Oh Boris, you mop-headed moron. Embarrassing deputy-resignation aside, you seemed to be getting it so right; reintroducing the Routemaster bus, reconsidering the western extension to the Congestion Charge zone and yesterday scrapping the proposed £25 charge for bigger cars.
But then we read down and find you’re also binning the proposed exemption for cars emitting less than 120g/km of CO2, which was about the only bright idea your predecessor ever had. We need carrots, not sticks, to encourage us to buy greener cars.
The £25 charge was all stick; it was the product of envy and greed and it had to be abandoned. But also abandoning the carrot of free entry for dozens of affordable, practical low-emissions cars is spectacularly short-sighted and means the accursed congestion charge misses its biggest opportunity to cut emissions and fossil fuel use.
Why the 120g/km exemption was abandoned
Ken got his sums wrong. He didn’t anticipate just how many models would get under the 120g/km barrier, or how affordable they would be. We Londoners would have bought them by the tens of thousands. Virtually every high-priced Lexus GS and RX sold in London is an even higher-priced hybrid model, because they are Congestion Charge-exempt. Just imagine the impact on the buying decisions of the millions of us with a more typical ten or fifteen grand to spend on a new car, and for whom the £8 charge is a more significant sum.
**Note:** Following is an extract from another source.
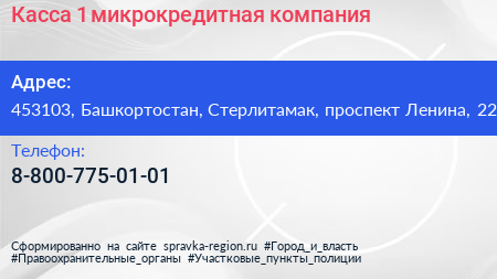 Касса №1, микрокредитная компания по адресу 453103, Башкортостан, Стерлитамак, проспект Ленина, 22 в дальнейшем Организация, размещена в следующих категориях:
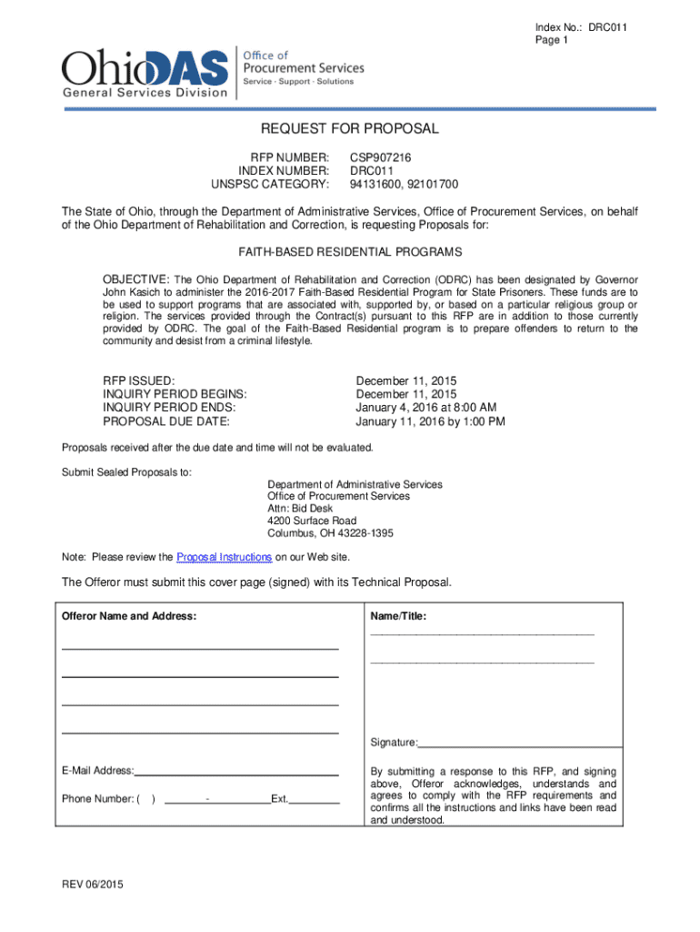 Get the free of the Ohio Department of Rehabilitation and Correction, is requesting Proposals for:

Yes, congestion in central London would have worsened slightly. But this is about so much more than just traffic. The cars we would have chosen would have produced much less pollution and consumed much less fuel everywhere they drove; across London and across the country.
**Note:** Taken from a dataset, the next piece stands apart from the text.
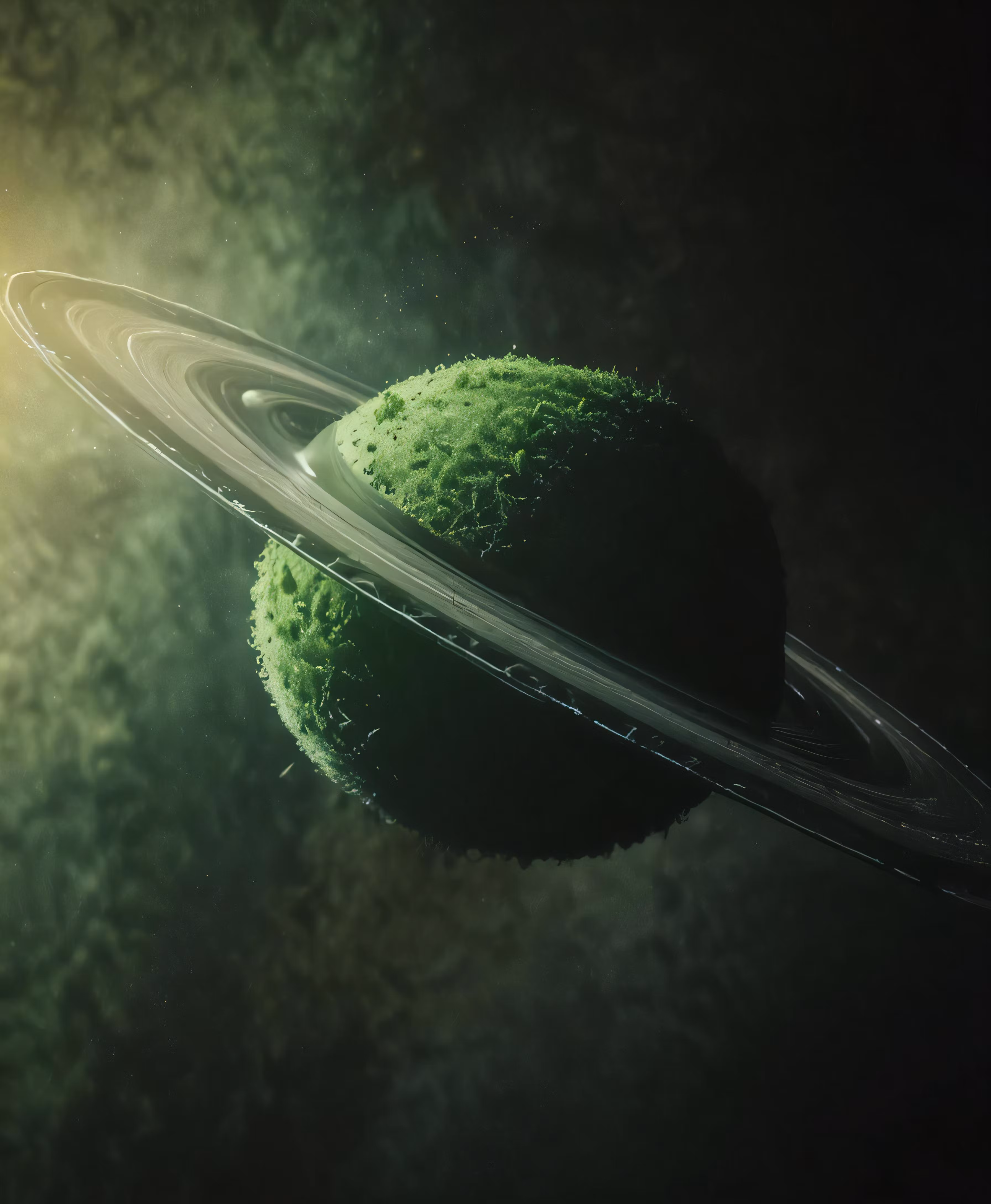 High resolution picture, free to use, a saturn or planet with its rings spinning in the air

A very unlevel playing field
Boris says the changes are in the interest of fairness, but how is it fair that a £40,000-plus Lexus hybrid at 185g/km still gets in free, but a clever little seven-grand Aygo at 108g/km still has to pay? Why not encourage us to buy a Focus 1.6 TDCi at 119g/km instead of a more polluting petrol or bigger diesel?
The reason is simple. We would have switched in such numbers that Boris would have lost too much money. With the Congestion Charge’s absurdly expensive bureaucracy to maintain, he is as addicted to its revenue as Ken was.
Short of scrapping it altogether, exempting the least-polluting cars was the best thing he could have done with the charge, making it a force for change. But Boris bottled it, and it remains just a pointless, unpopular tax.